In a school setting, the child should be able to take what they practice at home, and are learning in therapy, and be able to apply similar strategies in the school environment. This is where strong communication between school and home is vital. Parents should advise the teachers what works at home, and see what could be done in the classroom to help with learning, concentration and attention.
Some simple changes such as having the child sit in the front for work or circle time, positioning their work area away from the window or classroom door, using special recording devices for instruction or even allowing the use of noise reduction headphones are all ideal ways for the child to focus on the task at hand.

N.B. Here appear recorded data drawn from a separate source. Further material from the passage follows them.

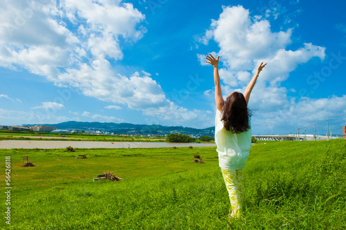 woman, hooray, hand, expand, fun, hope, dream, future, relax, ajar, blue skies, wind, meadow, square, immensity, earth, peace, future, achievement, aggressive, happiness, rendering, body, alone, light, outside
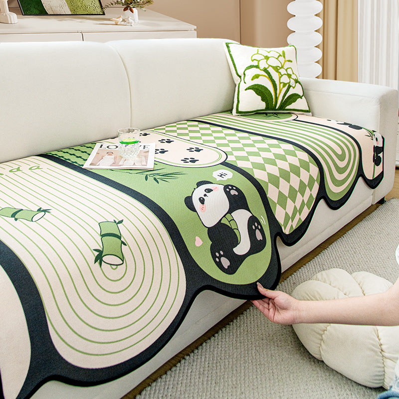 严选卡通熊猫冰丝沙发垫夏季2025新款异形沙发凉席垫防滑夏天坐垫
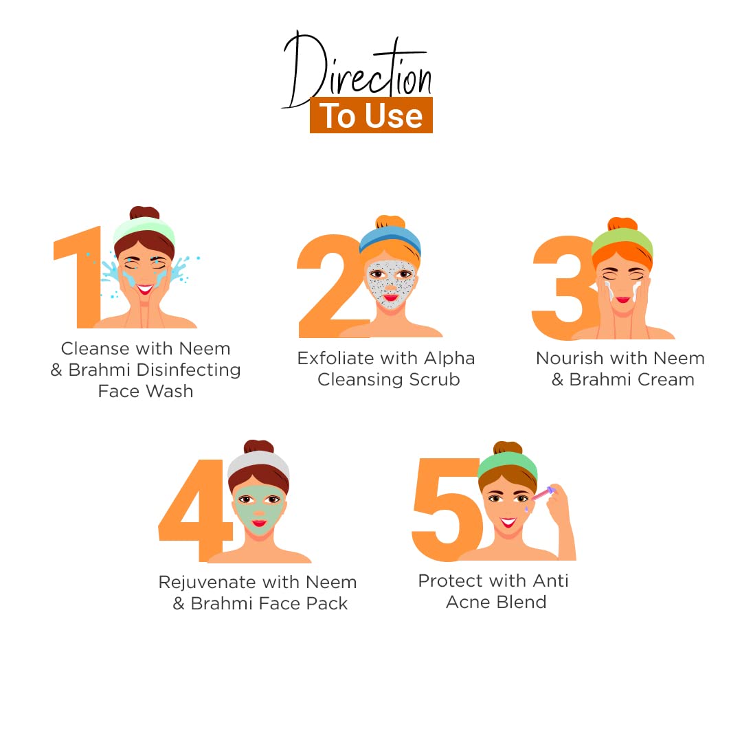 • Enriched with the goodness of Neem Brahmi Green tea lavender & Tea tree maintain healthy circulation energize skin cellsHelp to make even skin tone and free from dark spots and marks.
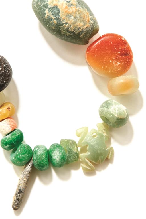 | Περιδέραιο με λίθινες χάντρες, η μία σε μορφή βατράχου. Νάξος. 3300-2700 π.Χ. |
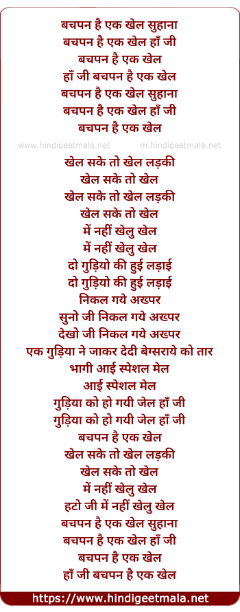 Lyrics of Bachpan Hai Ek Khel Suhana - बचपन है एक खेल सुहाना
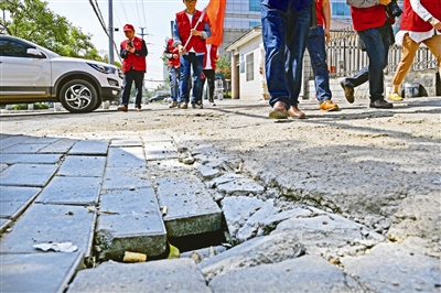 中都大道(湖心路至会峰路段)西侧,人行道多处破损,坑坑洼洼。
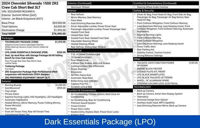 Summit White 2024 Chevrolet Silverado 1500 ZR2 4WD 10-Speed Automatic 3.0L I6 WE DELIVER ANYWHERE, 10-Speed Automatic, 4WD, Jet Black/Graystone Leather, 10-Way Power Driver Seat w/Lumbar, 10-Way Power Passenger Seat Adjuster w/Lumbar, 12.3 Multicolor Reconfigurable Digital Display, 120-Volt Bed Mounted Power Outlet, 120-Volt Interior Power Outlet, 15 Diagonal Multicolor Head-Up Display, 2 USB Data Ports, 2nd Row Heated Outboard Seats, Adaptive Cruise Control, All-Weather Floor Liner (LPO), Auto-Dimming Inside Rear-View Mirror, Bed View Camera, Black Name Plates (LPO), Black Tailgate CHEVROLET Lettering (LPO), Bluetooth® For Phone, Chevrolet Connected Access Capable, Chevytec Spray-On Black Bedliner, Color-Keyed Carpeting Floor Covering, Dark Essentials Package (LPO), Deep-Tinted Glass, Driver Memory, Dual Rear USB Ports (Charge Only), Electric Rear-Window Defogger, Electrical Steering Column Lock, Electronic Cruise Control, EZ Lift Power Lock & Release Tailgate, Floor Mounted Center Console, Front LED Fog Lamps, Front Rain-Sensing Wipers, HD Surround Vision, Heated Driver & Front Outboard Passenger Seats, Heated Steering Wheel, Heavy-Duty Air Filter, High Gloss Black Mirror Caps, Hill Descent Control, Hitch Guidance, Hitch Guidance w/Hitch View, In-Vehicle Trailering System App, Integrated Trailer Brake Controller, Keyless Open & Start, LED Cargo Area Lighting, Manual Tilt/Telescoping Steering Column, OnStar & Chevrolet Connected Services Capable, Outside Heated Power-Adjustable Mirrors, Performance Red Recovery Hooks, Perimeter Lighting, Power Front Passenger Windows w/Express Up/Down, Power Front Windows w/Driver Express Up/Down, Power Rear Windows w/Express Down, Power Sliding Rear Window w/Rear Defogger, Power Tilt & Telescoping Steering Column, Preferred Equipment Group 3LT, Rear Camera Mirror, Rear Cross Traffic Braking, Rear Park Assist, Rear Pedestrian Alert, Rear Wheelhouse Liners, Remote Vehicle Starter System, Safety Alert Seat, SiriusXM w/360L, Standard Tailgate, Steering Wheel Audio Controls, Technology Package, Theft Deterrent System (Unauthorized Entry), Trailer Camera Provisions, Trailer Side Blind Zone Alert, Trailering Package, Universal Home Remote, Up-Level Rear Seat w/Storage Package, Ventilated Driver & Front Passenger Seats, Wi-Fi Hot Spot Capable, Wrapped Steering Wheel, ZR2 Suspension Package, 220 Amp Alternator, 3.23 Rear Axle Ratio, 4-Wheel Disc Brakes, 7 Speakers, 850 Cold-Cranking Amps Heavy-Duty Battery, ABS brakes, Air Conditioning, Alloy wheels, AM/FM radio: SiriusXM with 360L, Auto High-beam Headlights, Auto-dimming door mirrors, Auto-dimming Rear-View mirror, Automatic Emergency Braking, Automatic temperature control, Block heater, Brake assist, Compass, Delay-off headlights, Driver door bin, Driver vanity mirror, Dual Exhaust, Dual front impact airbags, Dual front side impact airbags, Electronic Stability Control, Electronic Transmission Range Selector Shifter, Engine Block Heater, Following Distance Indicator, Forward Collision Alert, Front anti-roll bar, Front Bucket Seats, Front Center Armrest, Front dual zone A/C, Front fog lights, Front License Plate Kit, Front Pedestrian Braking, Front reading lights, Front wheel independent suspension, Fully automatic headlights, Garage door transmitter, Heated door mirrors, Heated front seats, Heated rear seats, Heated steering wheel, Illuminated entry, IntelliBeam Automatic High Beam On/Off, Lane Keep Assist w/Lane Departure Warning, Low tire pressure warning, Memory seat, Occupant sensing airbag, Off-Road Assist Steps (LPO), Outside temperature display, Overhead airbag, Overhead console, Panic alarm, Passenger door bin, Passenger vanity mirror, Perforated Leather Seat Trim, Power door mirrors, Power driver seat, Power passenger seat, Power steering, Power Sunroof, Power Tailgate, Power windows, Premium audio system: Chevrolet Infotainment 3 Premium
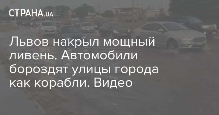 Львов накрыл мощный ливень. Автомобили бороздят улицы города как корабли. Видео
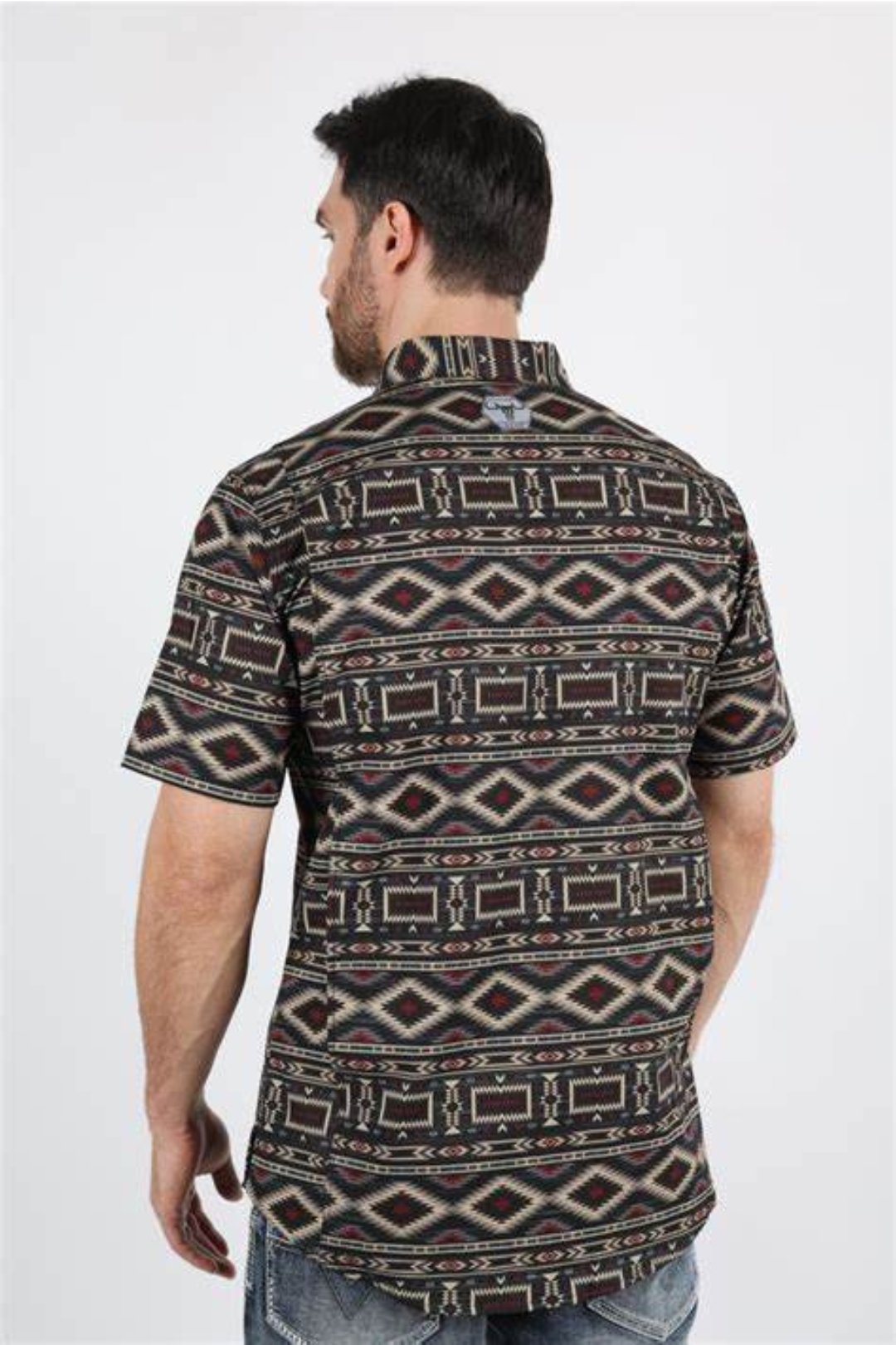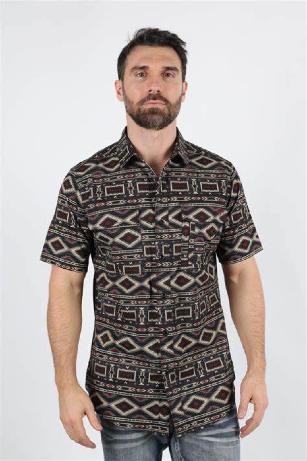 Mens Performance Classic Fit Western Short Sleeve Aztec Print BLK/Red Shirt

The most important outcome for children with SPD and auditory issues is instilling a positive and strong self-esteem. It is difficult enough for these children to try to be as successful as their peers seem to be when hurdles are at play. However, these children are more than able to achieve the same success. All they need are the right coping tools, the best-fitting strategies and the loving support and understanding of those around them.